[RECORDS SHOWN]
------------------------------------------------------------------------

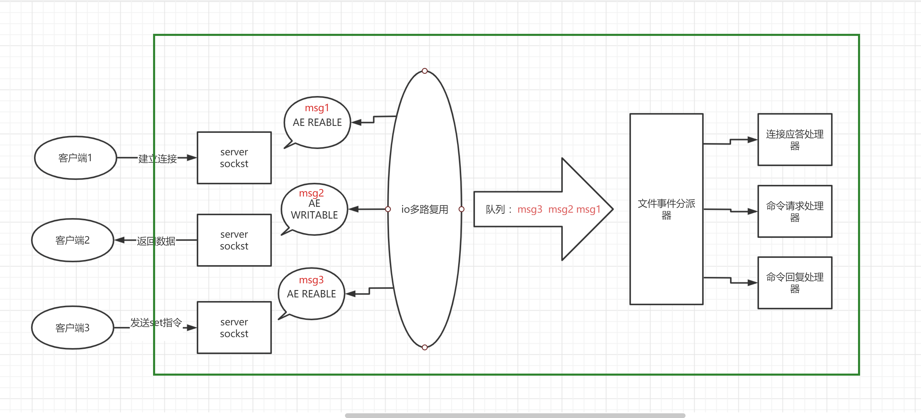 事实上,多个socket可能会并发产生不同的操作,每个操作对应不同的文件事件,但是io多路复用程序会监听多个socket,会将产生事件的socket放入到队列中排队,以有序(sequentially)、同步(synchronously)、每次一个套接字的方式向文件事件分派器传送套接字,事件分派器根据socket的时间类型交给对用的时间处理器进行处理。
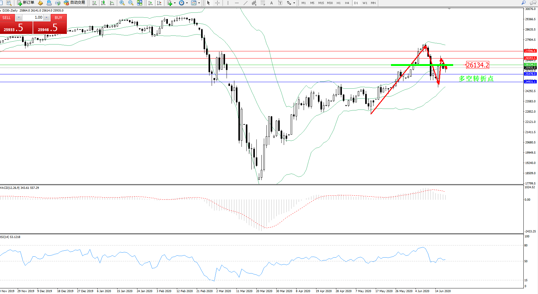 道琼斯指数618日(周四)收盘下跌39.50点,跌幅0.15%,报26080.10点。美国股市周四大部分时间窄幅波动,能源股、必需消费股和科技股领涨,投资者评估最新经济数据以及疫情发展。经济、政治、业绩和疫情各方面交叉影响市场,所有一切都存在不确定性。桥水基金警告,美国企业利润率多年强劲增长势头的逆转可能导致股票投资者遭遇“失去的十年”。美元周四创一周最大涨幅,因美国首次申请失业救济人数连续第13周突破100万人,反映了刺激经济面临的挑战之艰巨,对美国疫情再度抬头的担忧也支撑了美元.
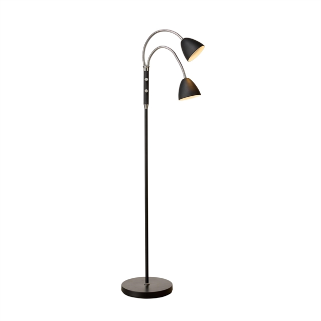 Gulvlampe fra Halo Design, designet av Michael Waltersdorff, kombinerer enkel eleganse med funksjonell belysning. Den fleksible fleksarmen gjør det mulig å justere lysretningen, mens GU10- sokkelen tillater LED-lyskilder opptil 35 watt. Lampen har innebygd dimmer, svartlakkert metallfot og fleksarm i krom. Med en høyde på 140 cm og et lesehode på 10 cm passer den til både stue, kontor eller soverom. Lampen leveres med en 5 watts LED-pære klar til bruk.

------------------------------------------------------------------------

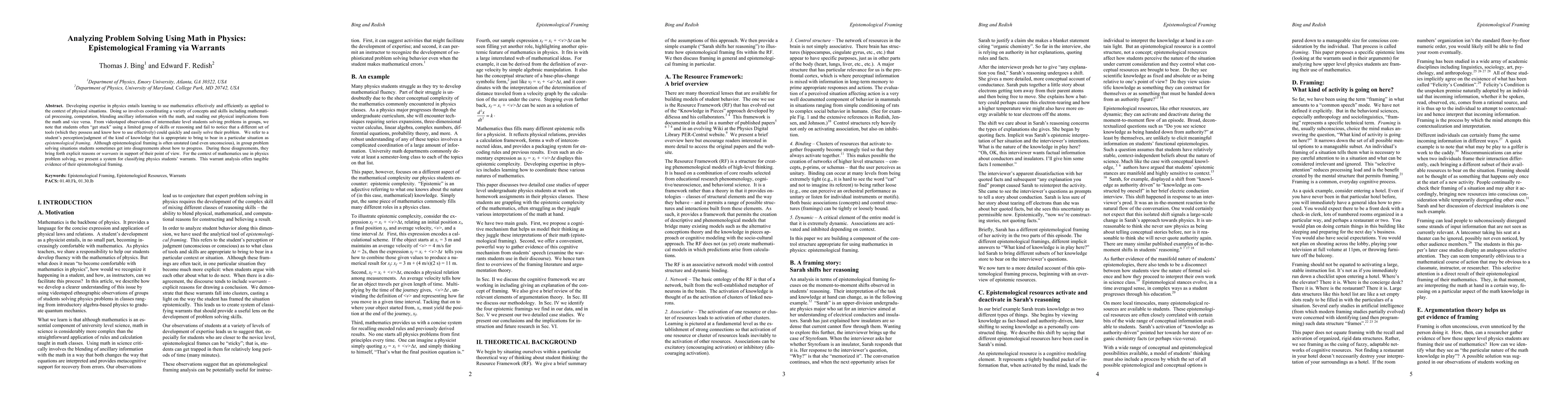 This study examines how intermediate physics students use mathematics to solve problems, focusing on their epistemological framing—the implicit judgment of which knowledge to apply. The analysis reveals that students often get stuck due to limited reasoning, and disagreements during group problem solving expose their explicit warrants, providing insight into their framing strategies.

------------------------------------------------------------------------

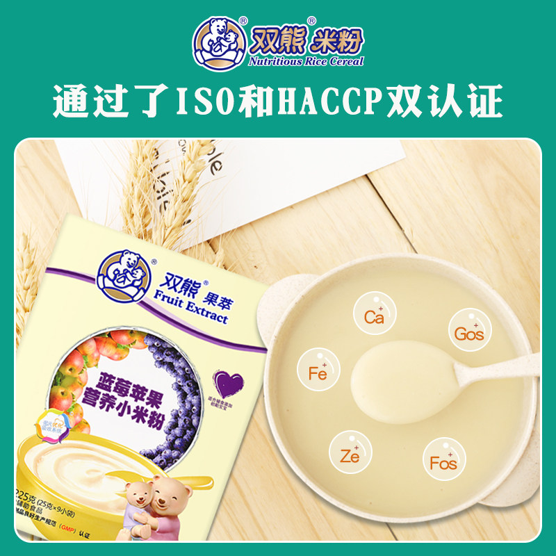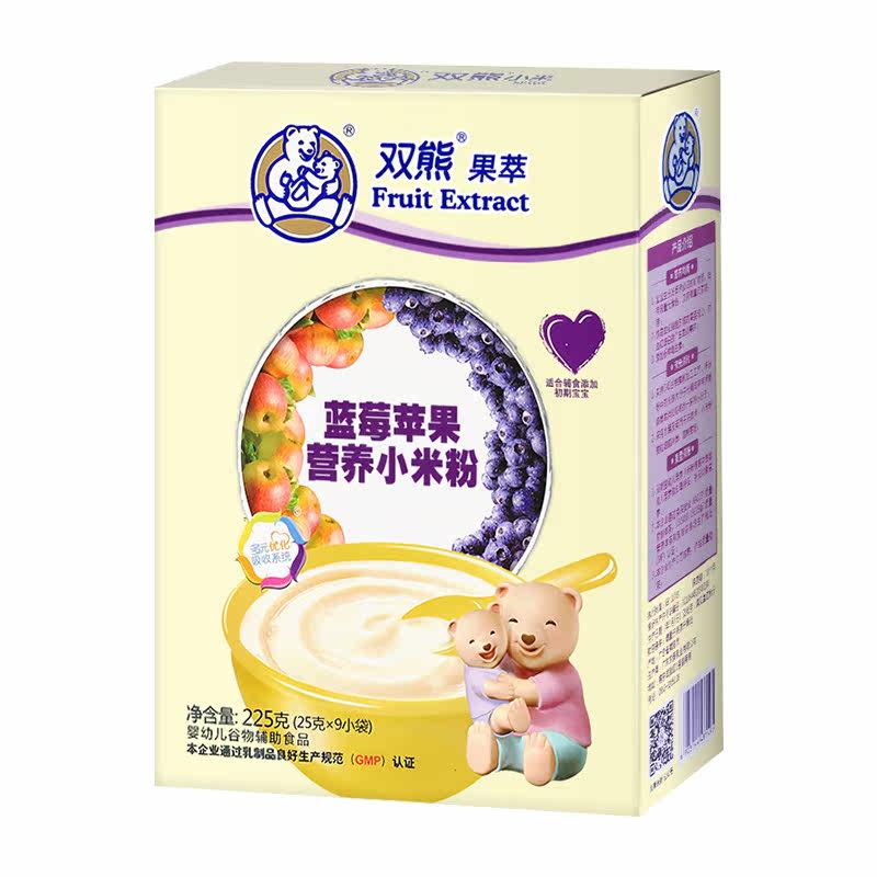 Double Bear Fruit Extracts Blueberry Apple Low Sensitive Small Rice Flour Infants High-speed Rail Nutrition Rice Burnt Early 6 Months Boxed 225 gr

------------------------------------------------------------------------

[TASK STATEMENT] Return word for word the lines of the listing above, starting at the line with "事实上,多个socket可能" and ending at the line with "Gulvlampe fra Halo", both included. Pictures do not belong in the copy.

[EXERCISE ANSWER]
 事实上,多个socket可能会并发产生不同的操作,每个操作对应不同的文件事件,但是io多路复用程序会监听多个socket,会将产生事件的socket放入到队列中排队,以有序(sequentially)、同步(synchronously)、每次一个套接字的方式向文件事件分派器传送套接字,事件分派器根据socket的时间类型交给对用的时间处理器进行处理。
 道琼斯指数618日(周四)收盘下跌39.50点,跌幅0.15%,报26080.10点。美国股市周四大部分时间窄幅波动,能源股、必需消费股和科技股领涨,投资者评估最新经济数据以及疫情发展。经济、政治、业绩和疫情各方面交叉影响市场,所有一切都存在不确定性。桥水基金警告,美国企业利润率多年强劲增长势头的逆转可能导致股票投资者遭遇“失去的十年”。美元周四创一周最大涨幅,因美国首次申请失业救济人数连续第13周突破100万人,反映了刺激经济面临的挑战之艰巨,对美国疫情再度抬头的担忧也支撑了美元.
 Gulvlampe fra Halo Design, designet av Michael Waltersdorff, kombinerer enkel eleganse med funksjonell belysning. Den fleksible fleksarmen gjør det mulig å justere lysretningen, mens GU10- sokkelen tillater LED-lyskilder opptil 35 watt. Lampen har innebygd dimmer, svartlakkert metallfot og fleksarm i krom. Med en høyde på 140 cm og et lesehode på 10 cm passer den til både stue, kontor eller soverom. Lampen leveres med en 5 watts LED-pære klar til bruk.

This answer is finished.